== Data records ==
⟨

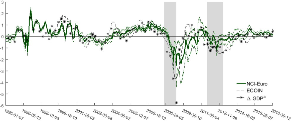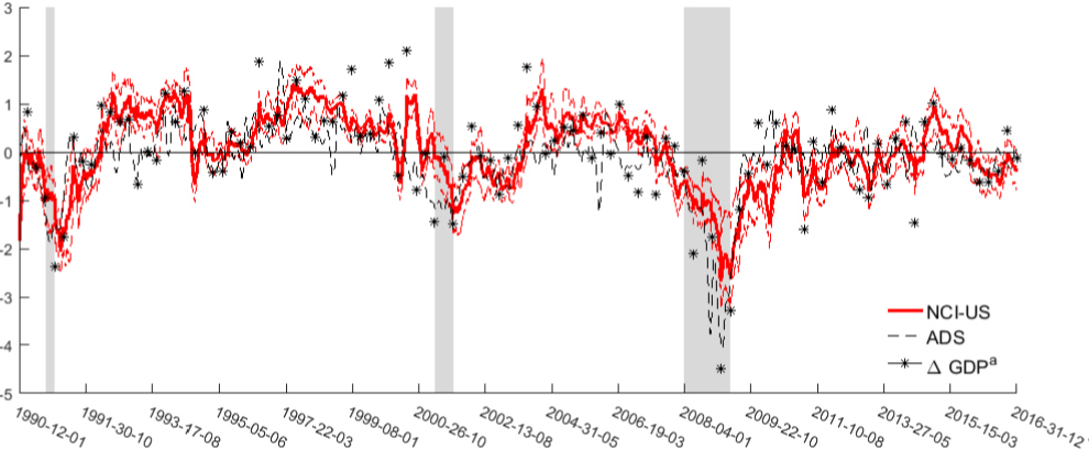 In Figure 1, we plot the estimated news-based business cycle indicator together with output growth and existing state-of-the-art coincident index estimates. It is clear that our indicators track the state of the economy very well. In our research, we formally show that all indexes provide a good description of the business cycle phases, confirming the visual impression. In particular, the news-based narrative approach quantifies the phases of the business cycles almost equally well as coincident indexes estimated based on hard economic indicators.
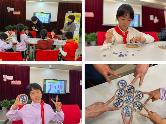 WE Kids教育活动中,将手工坊带进社区,学生们利用杯垫和彩色水晶进行马赛克镶嵌,大家分别制作了属于自己的手工作品。
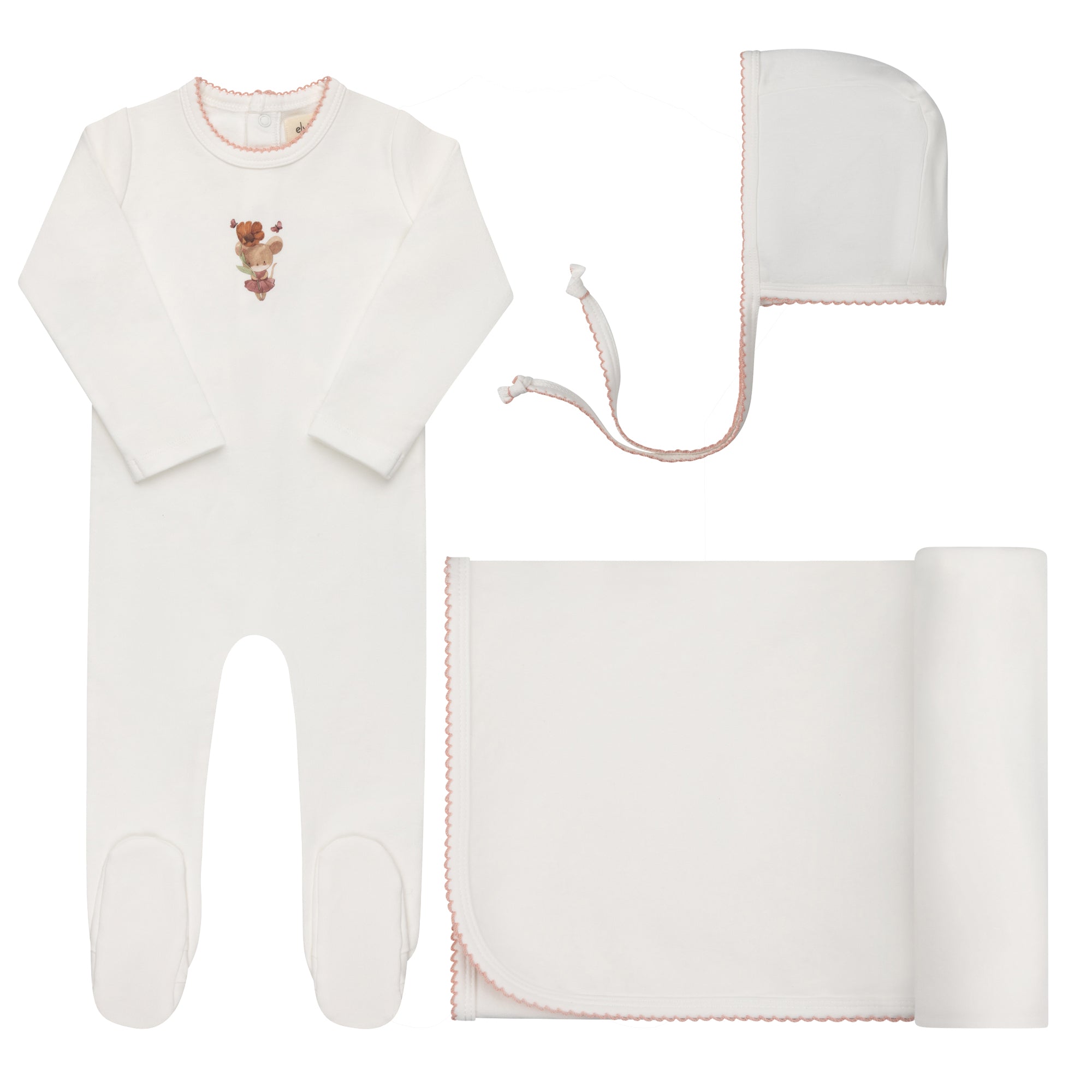 Baby Girl Layette Set – Ivory Pink – Playful Mouse
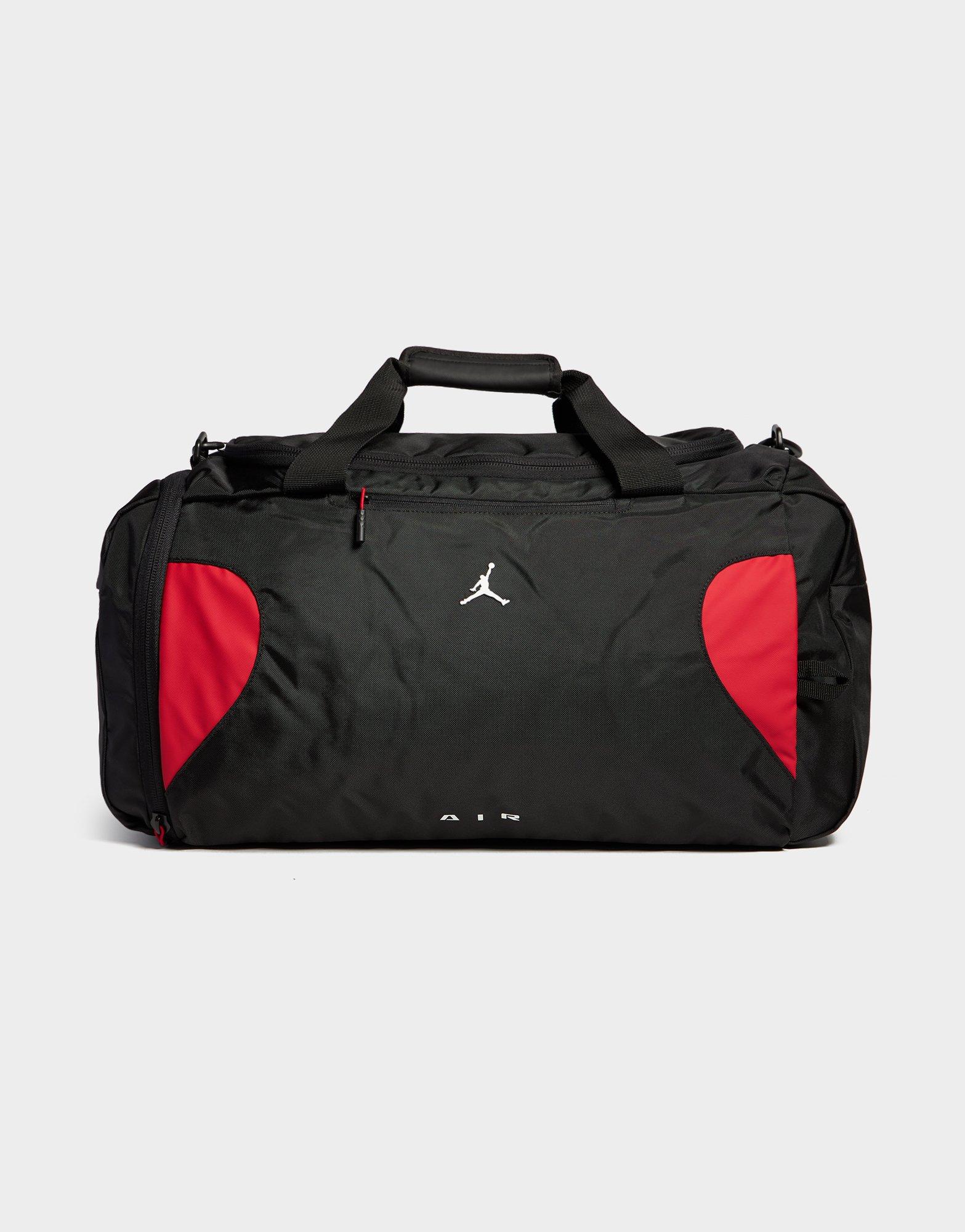 Step up your carry game with the Jordan Air Jordan Element Duffle Bag in black, red, and white - a bold, sport-culture holdall built for athletes and streetwear enthusiasts who refuse to compromise on style. The striking black, red, and white colourway channels classic Jordan Brand energy, while the spacious main compartment and practical organisation throughout make this men's Jordan duffle bag a reliable everyday carry for training, travel, and everything in between. Finished with bold Jordan Jumpman branding for undeniable sport-culture credibility. Style Code: MM9196KR5
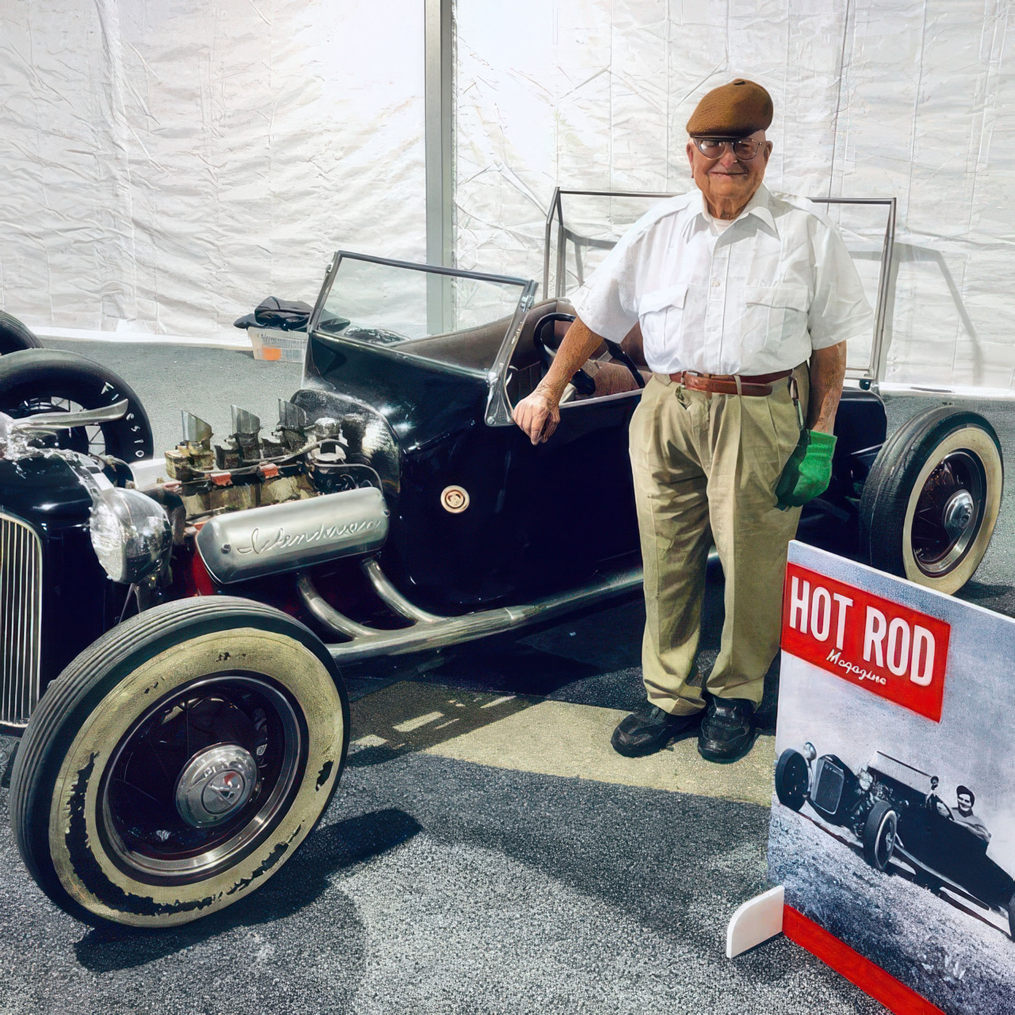 Over the years, he sponsored icon racers like Don “the Snake” Prudhomme, “Big Daddy” Don Garlits and the great Mickey Thompson. Along the way, he was the founder of SEMA and served as its first president. As my talk concluded with this sweet mechanical genus, he said, “I’ve been very fortunate to get into something that I like, and I was interested in, and I’m still interested to this day.” At his 104th birthday celebration in June at the Lions Automobilia Foundation and Museum in Rancho Dominguez, CA, Cindy Gibbs, daughter of Steve Gibbs from Nitro Revival, presented Isky with a beautiful black-and-white portrait of the man who helped shape the soul of hot rodding and drag racing.

⟩

== Exercise ==
Copy each entry exactly as written. Images should not appear in the copy.

== Your response ==
 In Figure 1, we plot the estimated news-based business cycle indicator together with output growth and existing state-of-the-art coincident index estimates. It is clear that our indicators track the state of the economy very well. In our research, we formally show that all indexes provide a good description of the business cycle phases, confirming the visual impression. In particular, the news-based narrative approach quantifies the phases of the business cycles almost equally well as coincident indexes estimated based on hard economic indicators.
 WE Kids教育活动中,将手工坊带进社区,学生们利用杯垫和彩色水晶进行马赛克镶嵌,大家分别制作了属于自己的手工作品。
 Baby Girl Layette Set – Ivory Pink – Playful Mouse
 Step up your carry game with the Jordan Air Jordan Element Duffle Bag in black, red, and white - a bold, sport-culture holdall built for athletes and streetwear enthusiasts who refuse to compromise on style. The striking black, red, and white colourway channels classic Jordan Brand energy, while the spacious main compartment and practical organisation throughout make this men's Jordan duffle bag a reliable everyday carry for training, travel, and everything in between. Finished with bold Jordan Jumpman branding for undeniable sport-culture credibility. Style Code: MM9196KR5
 Over the years, he sponsored icon racers like Don “the Snake” Prudhomme, “Big Daddy” Don Garlits and the great Mickey Thompson. Along the way, he was the founder of SEMA and served as its first president. As my talk concluded with this sweet mechanical genus, he said, “I’ve been very fortunate to get into something that I like, and I was interested in, and I’m still interested to this day.” At his 104th birthday celebration in June at the Lions Automobilia Foundation and Museum in Rancho Dominguez, CA, Cindy Gibbs, daughter of Steve Gibbs from Nitro Revival, presented Isky with a beautiful black-and-white portrait of the man who helped shape the soul of hot rodding and drag racing.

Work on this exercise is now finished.